French Parliament Adopts Anti-Hijab Bill

The text, put forward by President Jacques Chirac’s ruling centre-right Union for a Popular Majority (UMP) party and supported by the left-wing opposition Socialists, was adopted by a vote of 494 to36 , reported Agence France-Presse (AFP).

The National Assembly held its vote on the government-sponsored bill at 4 : 15pm ( 1515GMT) following three days of debate last week.

The draft law will pass now to the upper house of parliament, the Senate, for another vote and is expected to become law by the start of the next school year in September.

The UMP dominates both houses of parliament, making passage of the bill very easy.

The Socialist opposition wanted the text to be toughened — replacing the word "conspicuous" religious insignia with "visible" — but agreed to vote in favor after the UMP promised a review of the law in a year.

Chirac had come out in favor of the measure, which would make it illegal to wear clothes or insignia that "conspicuously" display religious affiliation in state schools.

According to AFP, the measure has the support of around 70 percent of the French population, and is strongly backed by teachers.

In addition to hijab, the law would apply to skull caps worn by Jewish boys, and "large" Christian crosses.

Amid fears that their turbans would fall under the law, French Sikhs planned mass demonstrations, turbans are an "indispensable religious obligation".

Unworkable

Some French lawmakers have expressed their doubts about the law, calling it unnecessary, unworkable and liable to inflame sentiment among the Muslim community, which already feels victimized by society.

"The Muslim community is going to feel stigmatized. The law will not treat the evil at its source — that is to say the problem of integration.
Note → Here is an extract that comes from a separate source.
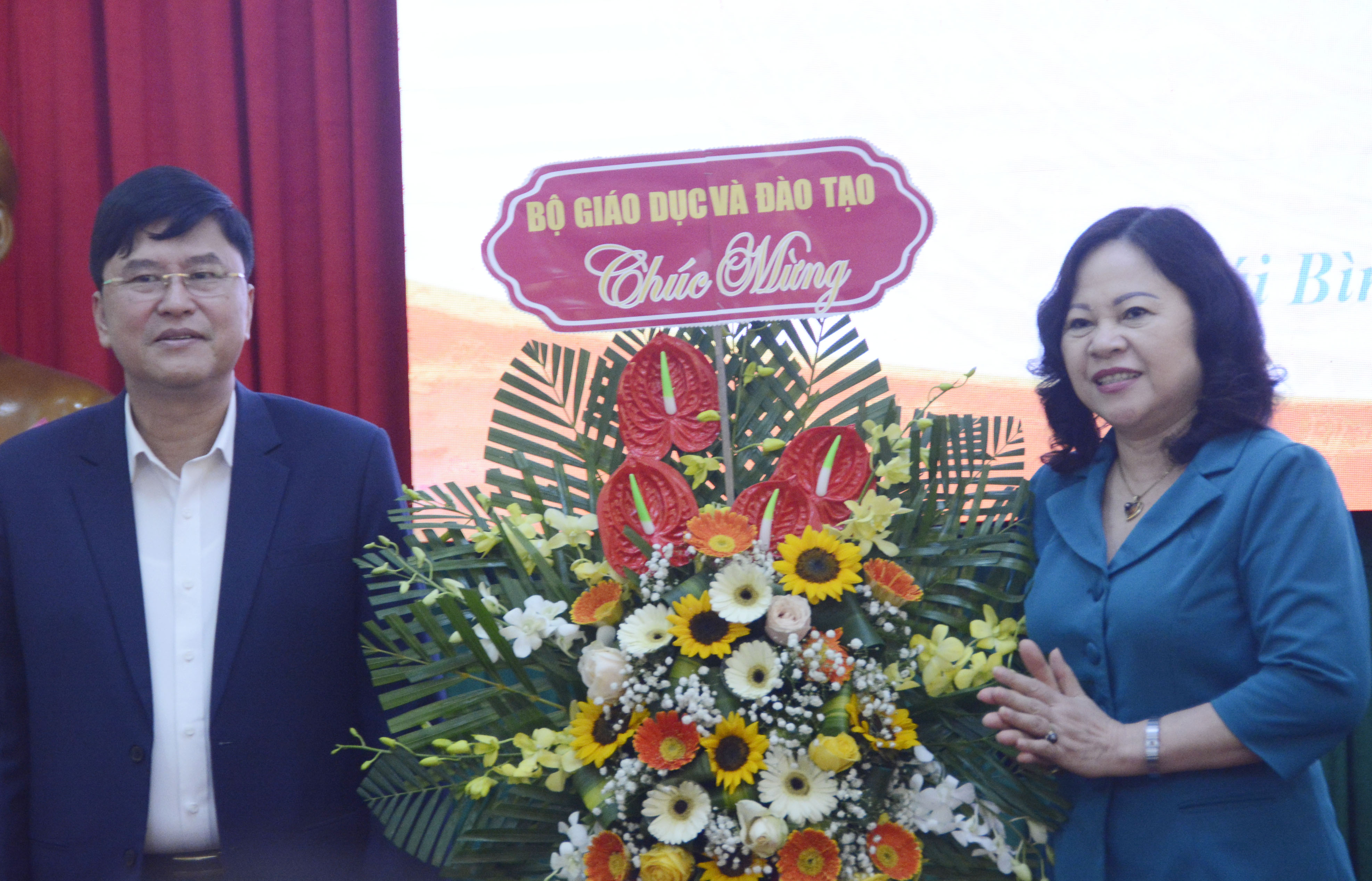 Thứ trưởng Ngô Thị Minh tặng hoa chúc mừng hội nghị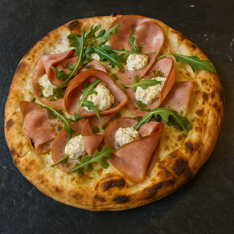 Cacio e pepe, Italian mortadella, stracciatella, pistachio pesto, pistachio powder, and arugula.

That is the big mistake of a law that has set off this national psychodrama over secularism," said Alain Madelin, who heads the liberal wing of the UMP.

Mohammad Al-Bishari, the head of the General Federation of France’s Muslims, told Aljazeera satellite channel that the bill will see the kicking-out of hundreds of hijab-wearing students, who will insist on putting on the hijab.

He also said it will leave Muslim families in France in an unenviable position before their hijab-wearing daughters, given that hijab is an obligation and not a religious symbol as claimed by the bill.

Last month, Saudi Arabia’s highest religious authority, grand mufti Sheikh Abdul Aziz al-Sheikh, said that "interfering in the affairs of Muslims regarding hijab is an infringement on the human rights that they (French) say they are defending".

The government says the bill upholds France’s tradition of secularity — a strict separation of church and state.

But the Muslim community – around six million people – and several international rights groups view the move as a blow to religious freedom.

On Monday, February9 , the International Helsinki Federation for Human Rights, based in Austria, said it was against the French bill because it violated human rights.

"The law would contradict the conventions on human rights and violate the international standards that France has agreed and sometimes contributed to create," the head of the group, Aaron Rhodes, said.

The U.S. Commission on International Religious Freedom, which advises Congress, the White House and State Department, said last week it, too, believed the proposed law could breach international human rights standards.

"These restrictions, if enacted, may violate France’s international commitments… under which each individual is guaranteed the freedom to manifest religion or belief, in public as well as in private," committee chairman Michael Young said in a statement.

London mayor Ken Livingstone had also written to French Prime Minister Jean-Pierre Raffarin urging him to scrap the plan.